A method for personalized auditory training of a hearing aid user, is disclosed herein. The method comprises providing, via a user interface, a sound stimulus, the sound stimulus comprising software-generated speech structure, wherein the voice of the software-generated speech structure is a replica of a real-life voice recording of a person of the user's choice. Recording a response of the user to the sound stimulus, wherein the response comprises the user's judgement regarding the provided sound stimulus. Analyzing, using a processing circuit, the correctness of the user's judgement, and providing, via the user interface, a feedback to the user regarding the correctness of the judgement.

Description

TECHNOLOGICAL FIELD
The present disclosure generally relates to system and method for auditory training of hearing aid users, specifically to auditory training using voice replicas of real-life recordings of subjects in the user's life/surroundings.
BACKGROUND
Difficulty in understanding spoken speech in quiet and in noise is a common complaint among aging adults and hearing impairment.
While many people with hearing loss can be helped adequately with hearing aids or cochlear implants alone, others require more intensive hearing rehabilitation, including auditory training, for optimal speech perception with their hearing devices.
Auditory training typically includes exercises, also known as listening trials, where the person (1) listens to a large number of presentations of speech sounds (typically pre-recorded) or other kinds of sounds, (2) makes a judgement after listening to each presentation such as identifying the sound heard, and (3) receives feedback after each attempt about whether the judgment was correct or incorrect.

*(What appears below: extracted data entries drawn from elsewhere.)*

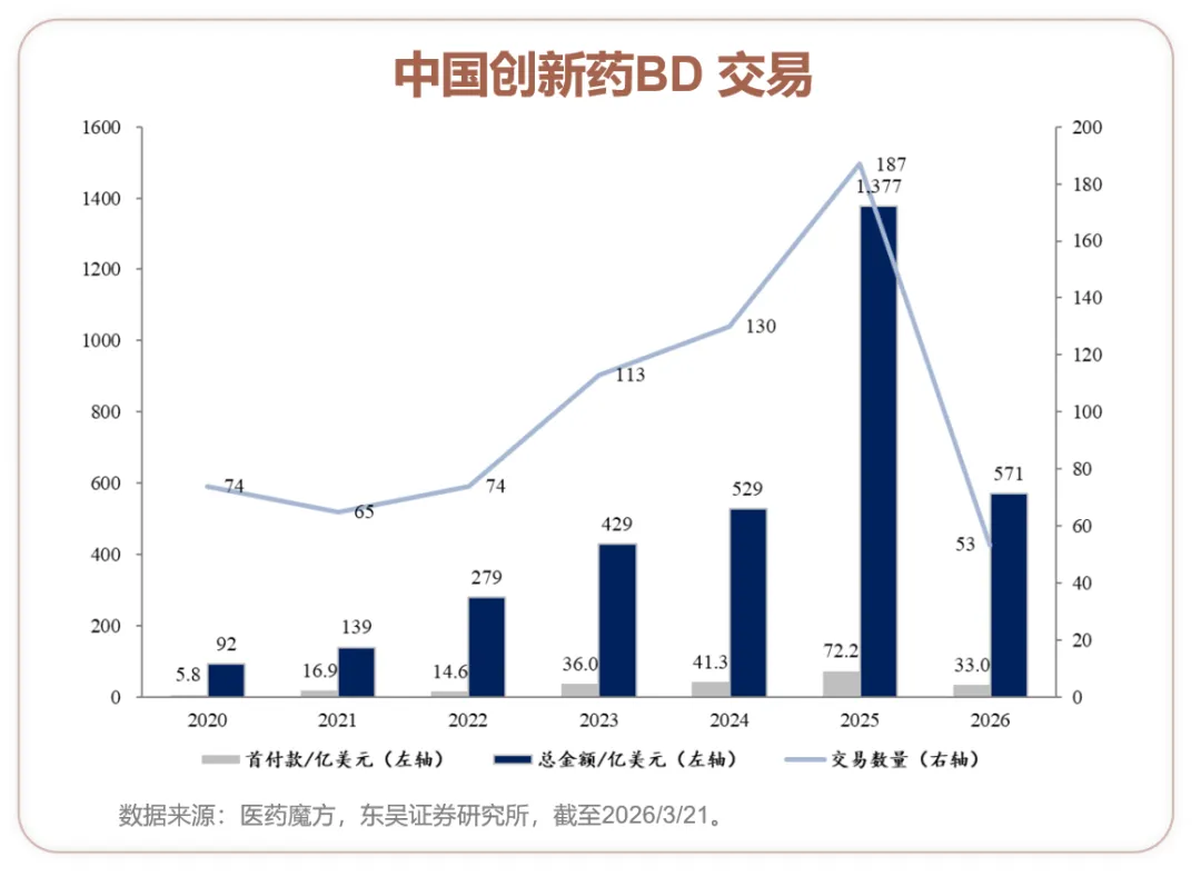 截至2026/3/21,中国创新药出海BD数量达到53项,首付款总额33亿美元,交易总金额571亿美元,占2025全年41%,超过2024全年总额。BD出海进展超出市场此前预期,展现出更强的延续性。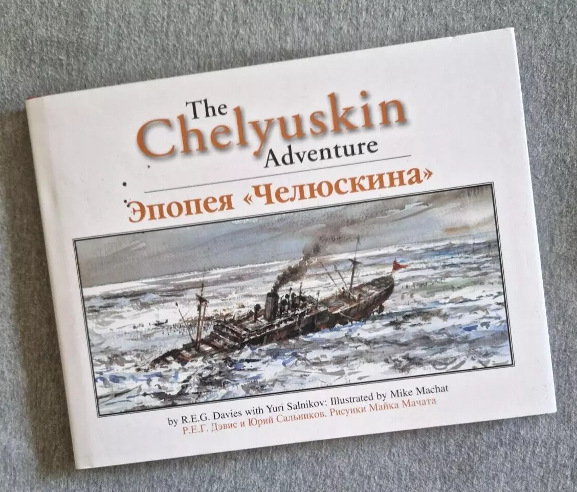 “Great book on Arctic Exploration and aviation history. I have read quite a bit about the Chelyuskin over the years and this is the first time I have read the entire story. Very good. I am learning Russian (slowly, just for the fun of it), and this is a lesson in Russian history about an attempted Arctic ship voyage that ran into trouble. An airplane was on board the ship to use for advance scouting of the ice they would encounter, and aircraft played a large role in the rescue as well. The book is well-illustrated, and I like the side-by-side English and Russian (Cyrillic) texts. These are getting scarce (out of print last time I checked), so if you’re interested, don’t wait too long; you might also check local used book stores as well.”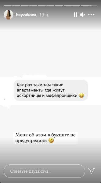 "Больше я экспериментировать не буду, вообще. Одной шляться там", — подытожила она рассказ, а после этого показала, что подписчик ей написал: "Как раз таки там такие апартаменты, где живут эскортницы и мефедронщики". На это Байзакова ответила: "Меня об этом в букинге не предупредили".

Speech perception research in the neuroscience literature has shown that hearing aid and cochlear implant users can improve their perception of speech sounds following intensive auditory training. However, the improvement has been shown to be specific to the stimuli provided and almost no generalization of learning to other stimuli occurs.
There therefore remains a need for auditory training which takes into account the user's environment to thereby obtain an improved rehabilitation of a user's hearing.
SUMMARY
There is provided herein a system and method for auditory training of hearing aid users, specifically to auditory training using voice replicas of real-life recordings of meaningful subjects in the user's life/surroundings.
Advantageously, the herein disclosed auditory training is based on real life voices (stimuli). In short, the user will have the option to record samples of various talkers (e.g. family friends and/or significant others). A software will then be applied on the recordings to replicate the talker's voice which is then used to generate any word and/or sentence suitable for the training, in a process also referred to herein as voice cloning.
“Voice cloning” as used herein, refers to the creation of an artificial simulation of a person's voice by utilizing software (SW) which is capable of generating synthetic speech that closely resembles a targeted human voice. In some cases, the difference between the real and fake voice is imperceptible to the average person. Without being bound by any theory, neural network-based text-to-speech (TTS) models mimic the way the brain operates and are extraordinarily efficient at learning patterns in data. The SW uses a sequence-to-sequence model optimized for TTS to map a sequence of letters to a sequence of features that encode the audio. These features, are utilized to generate a dimensional audio spectrogram with frames computed every few milliseconds, capture not only pronunciation of words, but also various subtleties of human speech, including volume, speed and intonation. Finally these features are converted to a 24 kHz waveform.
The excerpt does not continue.